TASK TO COMPLETE: Instruction for the entries that follow: retype exactly the lines from the line with "T-shirt enfant Hotel" to the line with "三版枣红1角美评PMG65E", both included, and omit all others.

DATA:
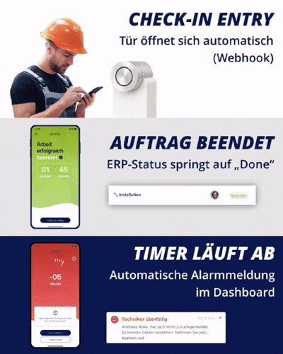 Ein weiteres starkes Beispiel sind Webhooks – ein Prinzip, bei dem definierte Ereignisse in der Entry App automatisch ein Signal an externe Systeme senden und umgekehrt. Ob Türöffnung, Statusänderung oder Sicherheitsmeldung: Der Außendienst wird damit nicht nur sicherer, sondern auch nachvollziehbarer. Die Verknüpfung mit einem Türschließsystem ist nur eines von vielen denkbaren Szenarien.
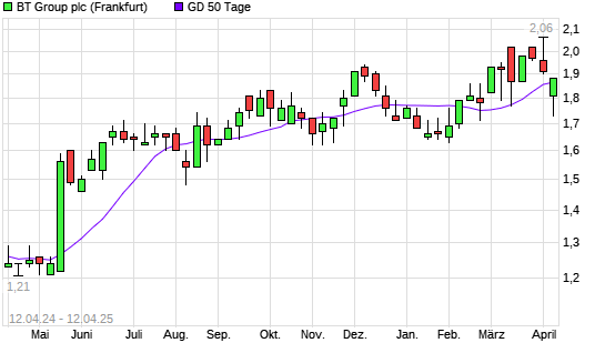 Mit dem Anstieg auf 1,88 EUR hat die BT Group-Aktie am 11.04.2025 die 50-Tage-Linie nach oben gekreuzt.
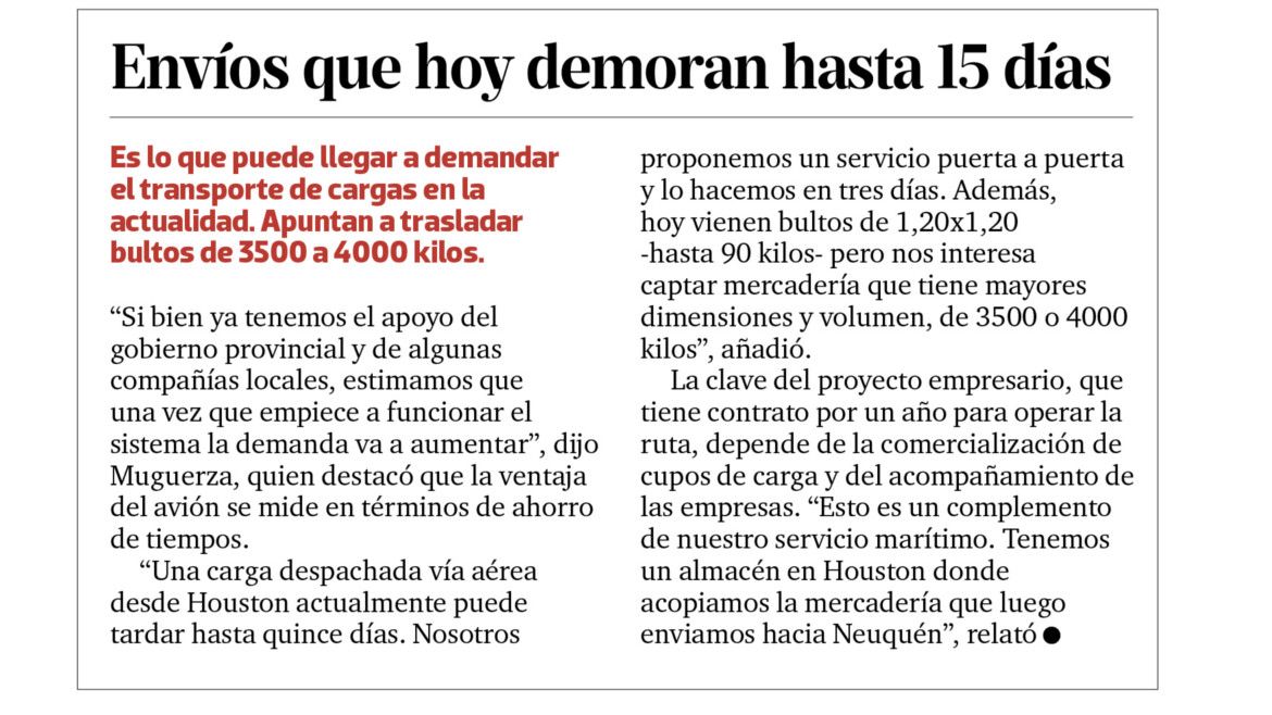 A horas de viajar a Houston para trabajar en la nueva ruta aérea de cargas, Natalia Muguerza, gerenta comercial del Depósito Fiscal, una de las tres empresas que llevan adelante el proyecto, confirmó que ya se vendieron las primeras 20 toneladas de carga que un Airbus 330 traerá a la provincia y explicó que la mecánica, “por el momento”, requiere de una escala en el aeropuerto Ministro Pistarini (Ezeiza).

* * *

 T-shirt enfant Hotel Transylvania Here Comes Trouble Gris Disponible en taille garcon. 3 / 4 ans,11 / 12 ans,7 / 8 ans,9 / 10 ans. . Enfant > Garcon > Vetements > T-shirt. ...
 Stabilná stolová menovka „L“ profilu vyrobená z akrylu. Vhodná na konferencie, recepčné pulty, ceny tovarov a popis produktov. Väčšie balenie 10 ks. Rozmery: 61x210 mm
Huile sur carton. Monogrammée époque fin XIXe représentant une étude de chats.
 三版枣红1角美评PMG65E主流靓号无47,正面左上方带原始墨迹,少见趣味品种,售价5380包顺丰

ANSWER BELOW:
 T-shirt enfant Hotel Transylvania Here Comes Trouble Gris Disponible en taille garcon. 3 / 4 ans,11 / 12 ans,7 / 8 ans,9 / 10 ans. . Enfant > Garcon > Vetements > T-shirt. ...
 Stabilná stolová menovka „L“ profilu vyrobená z akrylu. Vhodná na konferencie, recepčné pulty, ceny tovarov a popis produktov. Väčšie balenie 10 ks. Rozmery: 61x210 mm
Huile sur carton. Monogrammée époque fin XIXe représentant une étude de chats.
 三版枣红1角美评PMG65E主流靓号无47,正面左上方带原始墨迹,少见趣味品种,售价5380包顺丰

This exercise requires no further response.